Collection entries:
************

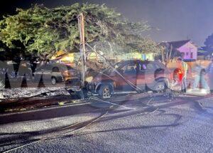 Diasabra anochi a drenta informe di un accidente cu hende herida na Caya Papa San Juan Pablo ll, mesora a dirigi tanto polis como ambulans na e sitio. Na yegada di e patruya a bin compronde cu aki ta trata di un accidente unda un chauffeur burachi biniendo for di Caya Juancho Kock a bay bira na man robes y a tuma e birada mucho grandi y a bay dal un palo di lus kibra y coriente a bay pa un gran parti di Dakota. Debi na e impacto e chauffeur a resulta herida, na yegada di e ambulans nan a atende e victima y a transporte pa hospital. Polis a sera e caminda pasobra e palo di lus a kibra na mitar y e wayanan di coriente a keda colga den caminda.
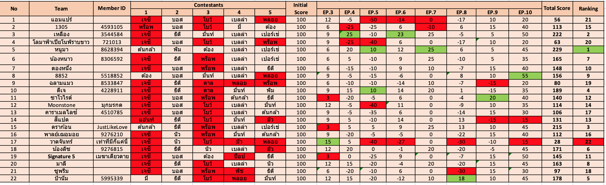 ทีมอันดับหนึ่งไม่สั่นคลอนเลยคือเมนเทอร์หนูมา ไม่โดนตัดทีมเดียวสวยๆ ยังครบห้าคน คะแนนรวมสูงสุด แต่วีคนี้ลูกทีมทำผลงานได้ทั้งดีและแย่ แต่คะแนนรายวีคไม่ติดลบน้าาา เพราะวีคนี้มีคะแนนสำหรับท็อป10 รวมไว้ ฮ่าๆ
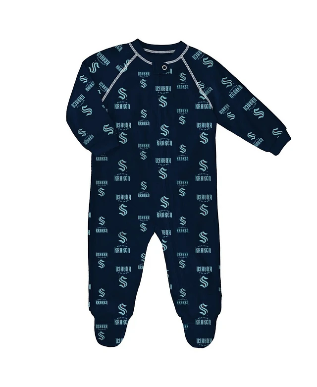 Boys and Girls Infant Outerstuff Deep Sea Blue Seattle Kraken Team Raglan Full-Zip Sleeper
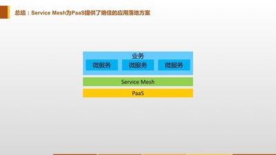 我们简单总结一下:Service Mesh 技术为 PaaS 平台提供了一个非常好的应用落地方案。
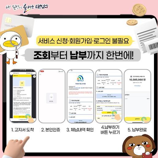 최충규 대덕구청장은 “모바일 전자고지 서비스를 통해 예산과 자원을 절감은 물론, 체납액 징수에도 큰 도움을 줄 것으로 기대하고 있다”라며 “앞으로도 더 쉽고 편리한 납세자 맞춤형 세무행정 서비스를 제공할 수 있도록 최선을 다하겠다”라고 말했다.
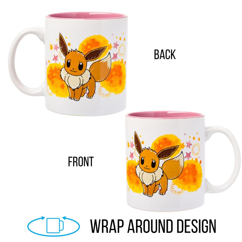• POKÉMON EEVEE: Adorned with a charming toss print featuring images from the Pokémon universe, including Eevee surrounded by star splatters, adding a touch of whimsy to your morning routine
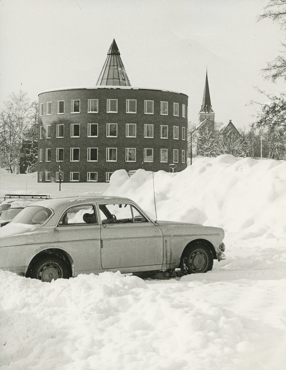Exteriörbild. Kommunalhuset, Runda huset. I bakgrunden Gustavsbergs kyrka. Vintertid.
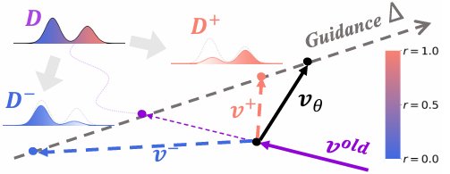 强化指导 (Reinforcement Guidance):在数学上,DiffusionNFT 将优化目标刻画为对旧策略分布的偏移量 ∆,这一过程与 CFG 类似,但不依赖双模型结构,而是内生于训练目标中。
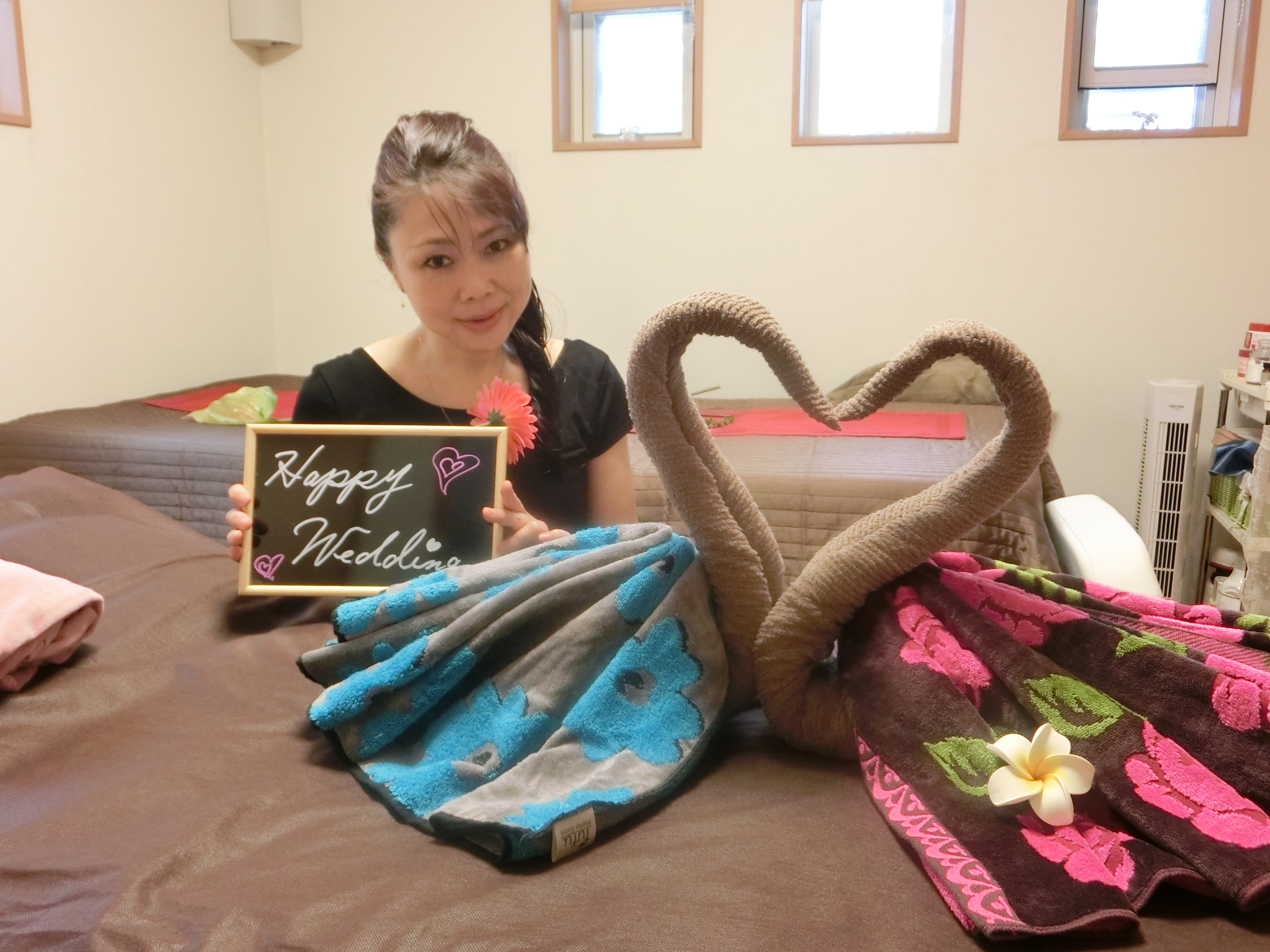 タオルのスワンをハート型にして

************

> [Task requirements] Pictures stay out. Return exactly the lines from the one with "เพราะวีคนี้มีคะแนนสำหรับท็อป10 รวมไว้ ฮ่าๆ" through the last line of the data.

> [Response for this exercise]
 ทีมอันดับหนึ่งไม่สั่นคลอนเลยคือเมนเทอร์หนูมา ไม่โดนตัดทีมเดียวสวยๆ ยังครบห้าคน คะแนนรวมสูงสุด แต่วีคนี้ลูกทีมทำผลงานได้ทั้งดีและแย่ แต่คะแนนรายวีคไม่ติดลบน้าาา เพราะวีคนี้มีคะแนนสำหรับท็อป10 รวมไว้ ฮ่าๆ
 Boys and Girls Infant Outerstuff Deep Sea Blue Seattle Kraken Team Raglan Full-Zip Sleeper
 我们简单总结一下:Service Mesh 技术为 PaaS 平台提供了一个非常好的应用落地方案。
 최충규 대덕구청장은 “모바일 전자고지 서비스를 통해 예산과 자원을 절감은 물론, 체납액 징수에도 큰 도움을 줄 것으로 기대하고 있다”라며 “앞으로도 더 쉽고 편리한 납세자 맞춤형 세무행정 서비스를 제공할 수 있도록 최선을 다하겠다”라고 말했다.
• POKÉMON EEVEE: Adorned with a charming toss print featuring images from the Pokémon universe, including Eevee surrounded by star splatters, adding a touch of whimsy to your morning routine
Exteriörbild. Kommunalhuset, Runda huset. I bakgrunden Gustavsbergs kyrka. Vintertid.
 强化指导 (Reinforcement Guidance):在数学上,DiffusionNFT 将优化目标刻画为对旧策略分布的偏移量 ∆,这一过程与 CFG 类似,但不依赖双模型结构,而是内生于训练目标中。
 タオルのスワンをハート型にして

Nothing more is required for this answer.